This election will be about personalities over policy discussions: Flavio Volpe
Prime Minister Justin Trudeau, who called an election Wednesday, heads into the campaign with the economy on his side.
A survey by Nanos Research Group for Bloomberg News shows Trudeau was holding on to his lead on the crucial question of economic stewardship in the days leading up to the campaign launch. The poll found 34 per cent of respondents saying they trust Trudeau the most to manage economic growth, versus 28 per cent for Conservative Party leader Andrew Scheer.
Job gains, better-than-expected output in the second quarter and rising home prices all suggest the Canadian economy is relatively stable despite pockets of weakness seen in the U.S. and other advanced economies. And Trudeau’s Liberal Party is hoping to capitalize politically on the economic strength, as the Canadian leader struggles to recover from an ethics scandal hurting his personal brand.

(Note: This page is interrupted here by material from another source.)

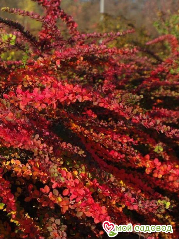 Барбарис тунберга Грин Карпет (Berberis thunbergii Green Carpet) — небольшой кустарник, высотой до 1 м, и диаметром кроны 1,5 м. Крона подушковидная, раскидистой, с большими годовыми приростами и листьями, летом насыщенно светло-зелеными, а осенью оранжево-желтыми, плотная, с поникающими раскидистыми побегами. Кустарник широкий, расплющенный. Кора коричнево-желтая. Шипы трехраздельные. Цветет в конце мая — начале июня. Цветки одиночные или собраны в соцветия по несколько штук (2-5), внутри желтые снаружи красные, расположены по всему побегу. Плоды продолговатые, блестящие, многочисленные, розовые или красные, созревают в сентябре. Украшают куст после опадания листвы, иногда сохраняясь на нем всю зиму. Светолюбив, но выносит полутень. Засухо- и жароустойчив. К плодородию почв нетребователен. Любит щелочные почвы. Не выносит застойного увлажнения. Хорошо переносит городские условия. Устойчив к болезням и вредителям.

Trudeau kicked off the campaign Wednesday by putting his economic record front and center. “We spent the last four years making things better, and we have the record to prove it,” Trudeau told reporters in Ottawa, citing a “dramatic” drop in poverty, one of the lowest unemployment rates in the country’s history and increased job creation.

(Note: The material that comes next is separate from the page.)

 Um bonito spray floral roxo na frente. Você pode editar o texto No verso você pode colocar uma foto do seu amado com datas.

The leaders of Canada’s four smaller parties received single digit support, Nanos data show.
“Justin Trudeau having the advantage on this is actually critical for the upcoming election,” Nik Nanos, chairman of Nanos Research, said in a telephone interview. “What the numbers suggest is that Canadians are more likely to think he is a better choice than Andrew Scheer.”
Canada’s election will be held on October 21. Trudeau’s Liberals are neck and neck with Scheer’s Conservatives, each with about 34% of the vote, according to a polling tracker maintained by the Canadian Broadcasting Corp.

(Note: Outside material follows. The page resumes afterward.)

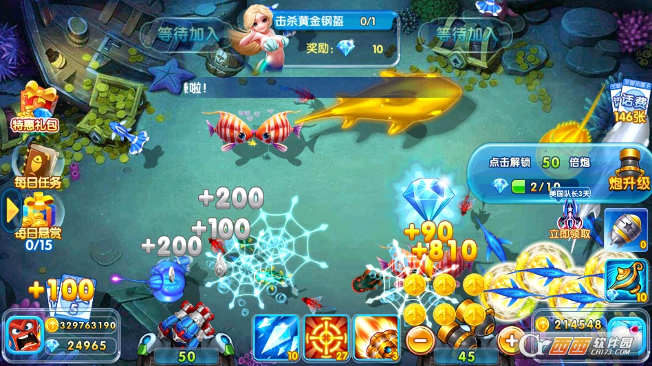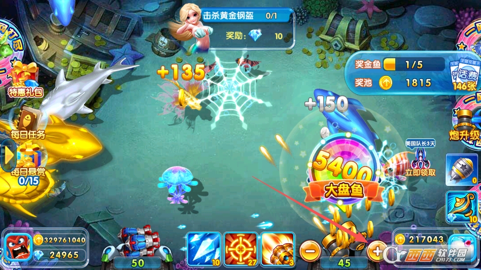 进入渔场之后,我们不断点击自己炮台右侧的+号按钮来提升炮倍

A strong economy isn’t a guarantee of electoral success. For one, it hasn’t helped incumbent parties at the provincial level in recent elections. The Conservatives are also focusing their narrative around affordability issues, with a message that many Canadians are still not personally getting ahead despite the strong macroeconomic numbers.
“The economy is performing reasonably well and what we’ve seen is that it didn’t seem to have much impact on elections in Ontario, Quebec or British Columbia that all showed similar results,” Avery Shenfeld, chief economist at Canadian Imperial Bank of Commerce, said. “If you’ve started to watch the ads or listen to some of the early campaign speeches, they seem to be focused on other issues rather than the general state of the economy.”
Trust in Trudeau to manage the economy is higher in Atlantic Canada and Ontario, and with older Canadians. Scheer scores higher in the energy-rich prairies. Trudeau’s numbers are down slightly from the 37 per cent he scored in July. The two leaders were tied on the question as recently as May.